To prevent any distortion of competition until markets are opened up to competition, Parliament says that postal service providers from countries with a reserved area must not meanwhile be granted an authorisations to operate in countries such as Sweden, Finland and the UK, where postal markets have been fully opened. This means that liberalising Member States may refuse authorisation to operators which are granted a reserved area in another Member State (reciprocity clause).
 
What's next?
 
After the vote, it is unlikely that a first reading agreement under the co-decision procedure will be reached. So far, no political agreement has been reached in Council. If there is no agreement, then the existing directive including its universal services measures would lapse at the end of 2008 under the so-called sunset clause, leaving no postal services legislation at all.  This would have serious consequences for the sector, a scenario that all parties concerned are doubtless keen to avoid.
 
British speakers during the debate on Tuesday 10 July in Strasbourg
 
Speaking for the Employment and Social Affairs Committee, Stephen Hughes, PES, UK, Labour North East said "We  would have preferred to make the full accomplishment of the postal internal market subject to a new prospective study, showing that universal service could be maintained in each Member State, and looking at how to maintain or improve the employment situation in the postal sector.
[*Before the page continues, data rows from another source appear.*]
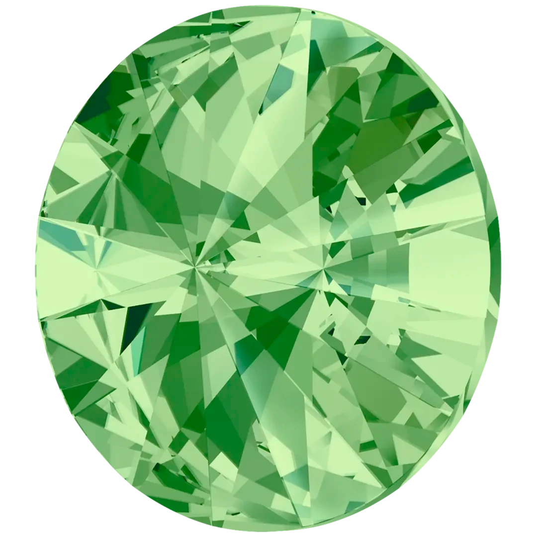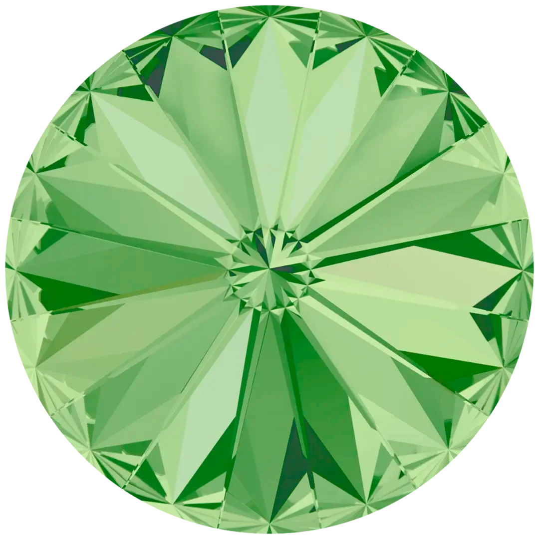 Swarovski chatons Rivoli (1122) in Peridot are multi faceted pointed back crystals that are used with metal settings to create bespoke jewellery and embellishment designs. Swarovski Rivoli shaped crystals are cut glass stones that have specifically cut facets which lead to a point. They are foiled on the underside of the crystal to reflect the light and enhance the colour of the stone.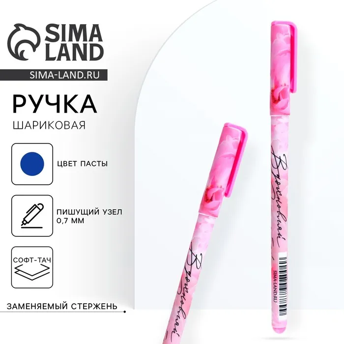 Ручка шариковая, синяя паста, 0.7 мм, с колпачком, пластик софт-тач «Самой нежной» — Характеристики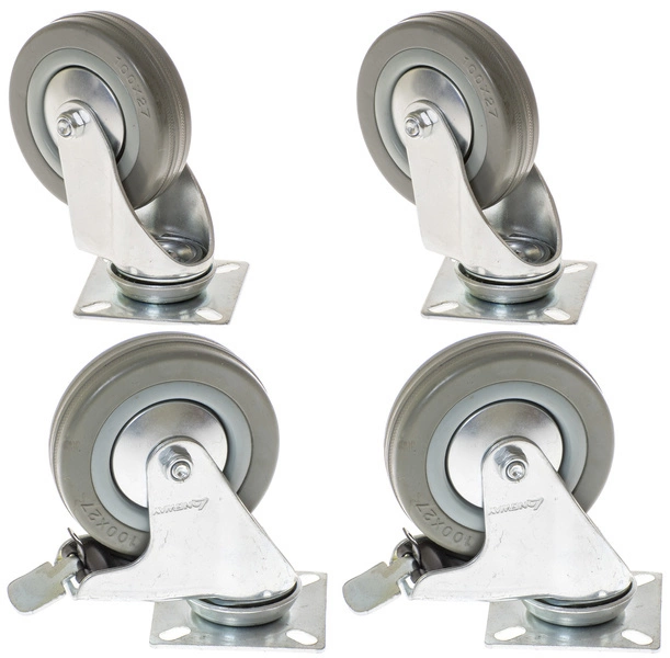 Zestaw czterech kół obrotowych składający się z kół o średnicy 100 mm (dwa koła z hamulcem i dwa bez hamulca). Pozwalają na uzyskanie maksymalnego obciążenia do 320 kg (po 80 kg na każde koło - należy pamiętać, że wagę liczymy z uwzględnieniem wagi przedmiotu, do którego mocujemy koła).
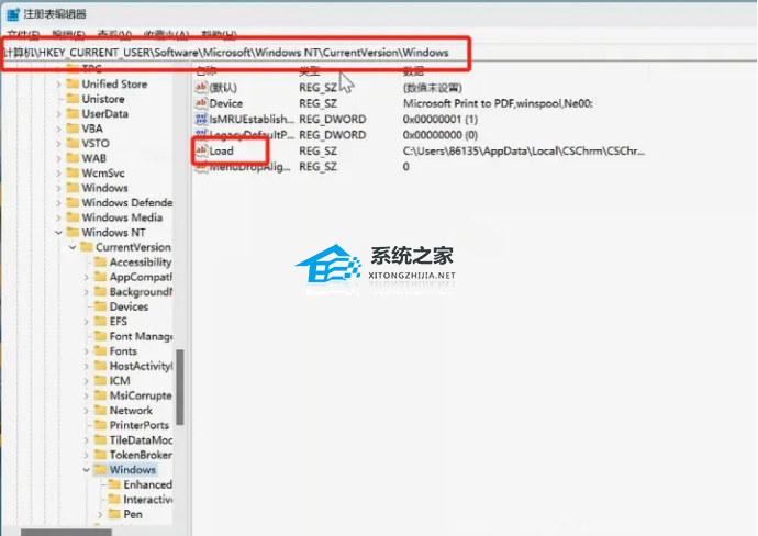 2、打开注册表编辑器后进入这个目录HKEY_CURRENT_USERSoftwareMicrosoftWindows NTCurrentVersionWindows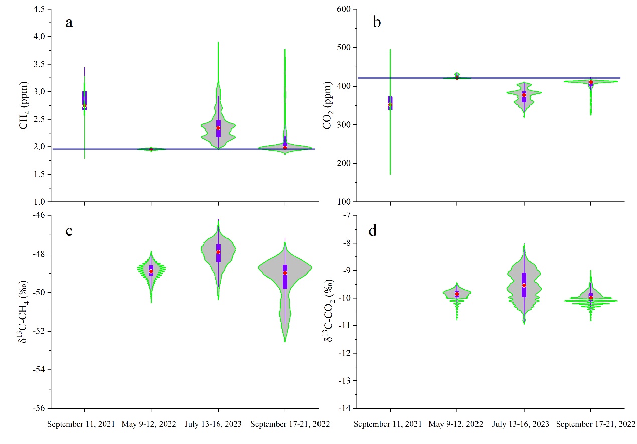 圖2.不同時期冰洞內甲烷、二氧化碳濃度和其同位素特征

However, sometimes politics is about the art of the possible, and I know my good friend Brian Simpson negotiated the best possible deal he could with the rapporteur and the other shadows in the Committee on Transport and Tourism. 
 
We are pleased at the clear emphasis placed on maintaining the provision of universal service and on the number of safeguards built into the report in the form in which it will come before this House. We are also happy about the report’s focus on the need to ensure good social and employment standards as liberalisation begins to unfold. This is an important point given that even Deutsche Post has expressed some disquiet over declining employment standards amongst some new entrants to the German postal market. We accept that this was the best achievable deal at this late stage in the liberalisation process."
 
Brian Simpson (PES, UK, Labour, North West) said: "Postal services are a highly personal and highly political issue. That is why they are different to other sectors, like telecoms and energy, because post, as I have often said in this House, is about people; it is about frontline public service. That is why it is important and generates a lot of interest.  I know in the work we have done in committee we have tried to take on board the views of other committees and political groups. And, after a lot of hard work, and I have to say a great deal of good will, we reached an agreement, which I think is a good one.
 
So let us look at the key issue. How do we guarantee a universal service, and a universal service that treats all citizens equally, irrespective of where they live? That is why we support the guarantee of access points in rural and peripheral areas. How do we finance that universal service? How do we have the national plans in place to enable that to happen? How do we protect the workers and their working conditions, and how do we ensure that the new Member States are not forced into competition that they cannot sustain? That is where the timescale is important. They are the issues we have addressed in this report and in the compromise that we reached and I hope Parliament will support that compromise tomorrow."